Era quasi arrivato nel luogo che si era prefissato quando, dallo stretto vicolo che aveva appena percorso, udì un leggero rumore di passi. Così era vero, qualcuno lo stava seguendo… Se ne era accorto da diversi minuti, ma ora ne aveva la conferma. Forse si trattava di un cliente particolarmente timoroso… Sicuramente aveva una richiesta imbarazzante, magari cercava un oggetto particolare per soddisfare una donna, o aveva bisogno di un’arma per compiere qualche azione avventata… Charles trovava tutto, non gli importava cosa poi i clienti ne avrebbero fatto. Cercava unicamente di svolgere al meglio il suo lavoro, poi stava alla coscienza di chi veniva soddisfatto nella propria richiesta di decidere cosa fare dell’oggetto ottenuto. Si girò con un’espressione quasi seducente, parlando al vuoto.
“Si faccia avanti, Signore, da me può trovare tutto ciò che sta cercando!” Per diversi secondi però solo un lungo silenzio gli rispose. Perplesso lanciò un nuovo appello verso il vicolo. “Avanti, non mangio nessuno! C’è qualcuno lì?” Ancora una volta nessuno gli rispose, così, un poco intimorito, cercò di mostrarsi risoluto. “Se c’è qualcuno che si faccia avanti, non ho tempo da perdere!” Vedendo però che anche questa volta non aveva avuto successo decise, con un’alzata di spalle, di andarsene.
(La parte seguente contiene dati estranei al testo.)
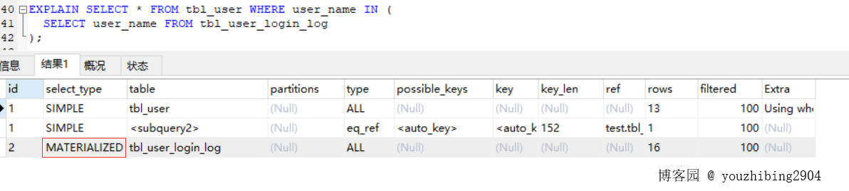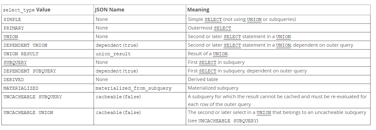 MATERIALIZED:被物化的子查询,MySQL5.6 引入的一种新的 select_type,主要是优化 FROM 或 IN 子句中的子查询,更多详情请查看:Optimizing Subqueries with Materialization
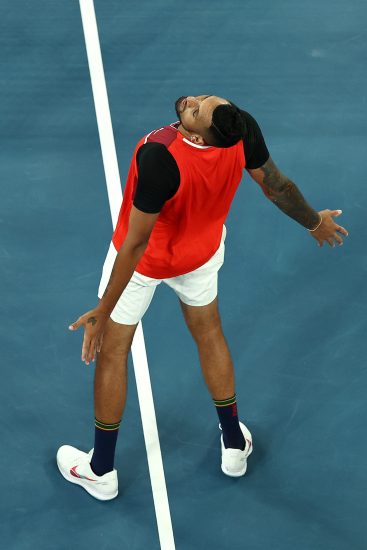Kirgios ka entuziazmuar publikun e “Melbourne Park” me disa numra të tij në lojë, si dhe me sjelljen e tij të zakonshme. “Bad boy” ka fituar një pikë me një shërbim poshtë këmbëve dhe ka festuar si Kristiano Ronaldo, duke imituar portugezin me të famshmen “Siuuu”. Sapo ka përfunduar ndeshje, ai ka pirë edhe një birrë, që ia ofroi një tifoz.

Afferrò deciso i manici del suo carretto e lo sollevò, prendendo la forza necessaria per farlo ripartire. Fu in quel momento che i passi si fecero risentire e si avvicinarono a lui. Questa volta preoccupato, si voltò nuovamente verso la fonte di quei rumori. Poco distante da lui stava una figura imponente, avvolta in un cappotto scuro di pelle logora ma preziosa, il volto oscurato da un grande cappello e dall’alto collo dell’indumento.
“È lei il trovarobe?” Una voce rauca, quasi unicamente sussurrata. Charles annuì, impaziente.
“Sì, sono io. Mi ha spaventato Signore, cosa cerca?” L’uomo gli si avvicinò, chinandosi per osservarlo in volto.
“Mi dicono che lei sa trovare ogni cosa… È vero? È famoso per questo.” Il trovarobe si congratulò internamente con sé stesso per quel successo.
“Certo Signore, mi dica cosa le serve e la soddisferò certamente in breve tempo!”
“Bene, bene… Allora mi ascolti bene, trovarobe, perché quello che mi serve da lei è qualcosa di davvero raro.”
“Mi dica, Signore…” Charles si chiese se davvero quell’oggetto potesse essere tanto particolare, ma gli restava ancora qualche possibilità che l’uomo fosse un ignorante, seppure non lo sembrasse, e che la sua ricerca si rivelasse più facile di quel che sembrava. Ma certo non si aspettava una risposta simile.
“Ho bisogno che lei mi trovi qualcosa che pare sia molto prezioso, trovarobe. Voglio che le mi trovi la vita.” Il trovarobe rimase sconcertato per qualche istante, poi scoppiò a ridere.
“La vita, Signore? Ma la vita non è qualcosa che si possa trovare!” Ma l’uomo misterioso non rise, ed al contrario la sua voce si fece ancor più seria e bassa.
“Io invece credo di sì, trovarobe… Credo proprio che lei me la troverà. Non ha forse detto che lei può trovare tutto? In caso contrario sarò costretto a fare qualcosa di molto, molto spiacevole…” Di fronte a queste parole Charles sbiancò, e per la prima volta ebbe davvero paura.
“Cosa intende?”
“Per ora non ha importanza, trovarobe… Mi trovi quanto cerco e me lo porti qui, domani, prima che l’orologio suoni le cinque pomeridiane. Se non sarà all’appuntamento la troverò a modo mio, glielo garantisco…”
“Ma…” Lo sconosciuto lo interruppe con un gesto brusco.
“Nessun “ma”, trovarobe… La aspetto domani. Sia puntuale, mi raccomando… Le auguro una buona giornata, ed una buona ricerca.” Prima che Charles potesse trovare le parole per formulare una frase di senso compiuto l’uomo era già sparito nel vicolo dal quale era arrivato, in silenzio.